On Monday, the 4th, the "Levelland Thing" struck again near the
White Sands Proving Ground. James Stokes, a 20-year Navy veteran, and
an electronics engineer, had the engine of his new Mercury stopped as
"a brilliant, egg-shaped" object made a pass at the highway. As it
went over, Stokes said, "it felt like the radiation of a giant sun
lamp."
Stokes said there were ten other carloads of people stopped but if
this is true no one ever found out who they were.
The Air Force wrote off Stokes' story as, "Hoax, presumably
suggested by the Levelland, Texas, reports."

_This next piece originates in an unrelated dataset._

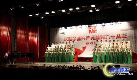 文艺演出在领唱合唱《南湖的船,党的摇篮》中拉开帷幕。整台节目由《开天辟地》、《浴血奋斗》、《建国创业》、《复兴之路》四个部分组成,精选了建党90年来具有代表性的歌曲、音乐作品,结合舞台表现加以重新诠释和演绎,具有强烈的时代精神与鲜明的艺术特色。混声小合唱《游击队歌》、舞蹈《忠诚》、男声独唱《浪淘沙.北戴河》、合唱《歌唱祖国》《社会主义好》、舞蹈《春天的故事》等节目以饱含深情的旋律讴歌党的丰功伟绩,用欢快的歌舞抒发对伟大祖国的无比热爱,用豪迈的誓言表达了理工人奋发向前的激荡胸怀。
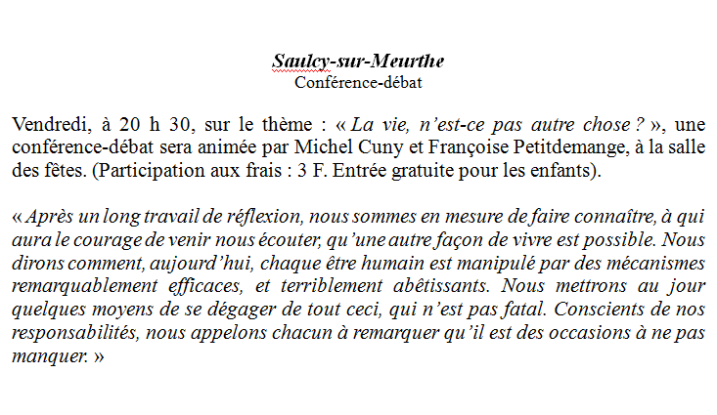 Ouvrons le journal lui-même : les noms des diverses localités concernées par telle ou telle information particulière apparaissent en plus gros caractères. Ainsi, dès le dimanche 25 avril, trouve-t-on un petit encart sous le panneau : Saulcy-sur-Meurthe. Nous n’y étions pour rien, Françoise Petitdemange et moi. D’où une joie certaine… Voici ce que nous avions pu y lire :

Maybe the Air Force didn't believe James Stokes but when the Coast
Guard Cutter _Seabago_ radioed in their report from the Gulf of
Mexico wheels began to turn--fast.
On Tuesday morning, the 5th, the _Seabago_ was about 200 miles south
of the mouth of the Mississippi River on a northerly heading. At
5:10A.M. her radar picked up a target off to the left at a distance
of about 14 miles. This was really nothing unusual because they were
under heavily traveled air lanes.
The early morning watch is always rough and as the small group of
officers and men in the Combat Information Center quietly watched the
target, with a noticeable lack of enthusiasm, it moved south, made a
turn, and headed back to the north again. A few of the men noticed
that the turn looked "a little different," but this early in the
morning they didn't give it much thought.
At 5:14 the target went off the scope to the north.
At 5:16 it was back and the lassitude was instantly gone. Now the
target was 22 miles _south_ of the ship. No one in the CIC had to
draw a picture. Something, in two minutes, had disappeared off the
scope to the north, made a big swing around the ship, out of radar
range, and had swung in from the south!
Word went up to the lookouts. They tensed up and began to scan the
sky.
The radar contacts continued.
This second contact, south of the ship, was held for two full
minutes as the target moved out from 22 to 55 miles. Then it faded.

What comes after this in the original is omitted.